But each night I’d open Instagram and see the zealously pro-life stories he would post.
J was religious, Christian. I hadn’t taken note of this the first time I had met him in person, but it had gradually become apparent even without the aid of Instagram by his murmurings of transcendent beauty as we passed the statue of Man and Freedom in the atrium and by his mention of a religious retreat he was going to attend that summer. His religion on its own did not offend me, but I struggled to make sense of his wholesome in-person self with the person who compared abortion to both the Holocaust and to slavery on his Instagram stories.
“I guarantee you he will try to save you,” texted my mom after listening to me talk about J.
“He can go ahead and fail,” I wrote back, liking the way my words snapped back fiery and strong, like rubber bands and hair elastics.
“He will try to save you,” my mom texted again the next day.
“I told him I’m a heathen,” I said, which was true, although I’d said it mainly in jest to J in real life. “It’s fine.”
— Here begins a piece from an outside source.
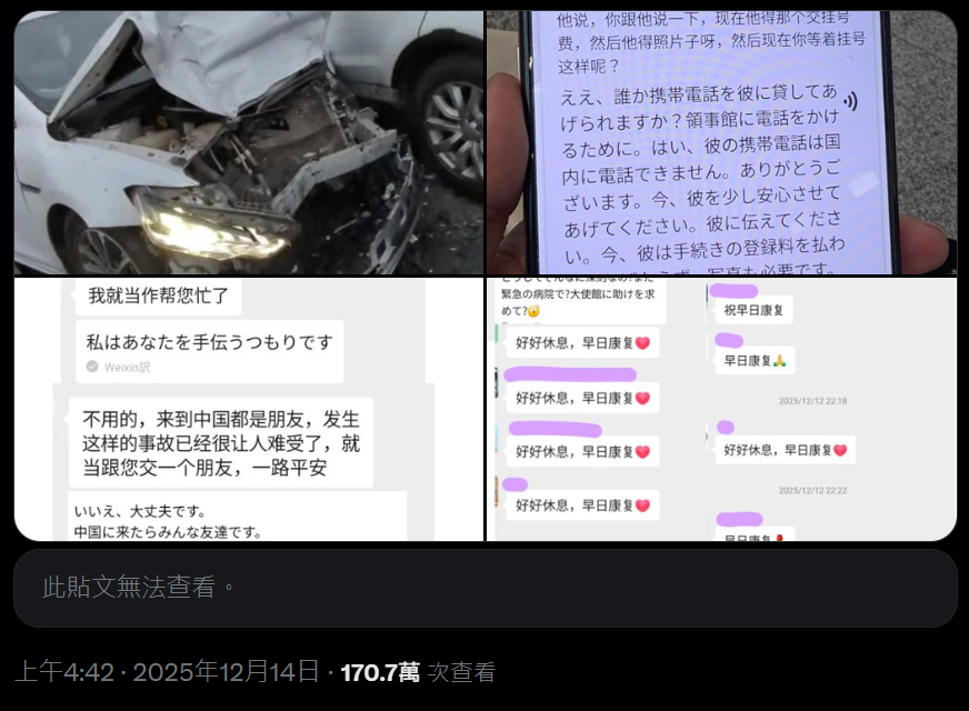 12月14日,一位日本妹子在X上发文,称自己在北京出差时遭遇车祸,后被紧急送往医院,并详细描述了自己遭遇车祸后经历的一系列事情,获得了170多万的浏览量。

But I started to feel like it wasn’t fine. I asked myself, as I read his Instagram description of transitioning as “chemical castration,” at what point, if ever, did I become unfaithful to myself and my own values by not explicitly challenging his views, or by remaining friends? Was it fine to “let this one slide” and just not talk politics or religion? If I felt his views were morally unjustifiable, did I have a duty to at least broach the subject with him?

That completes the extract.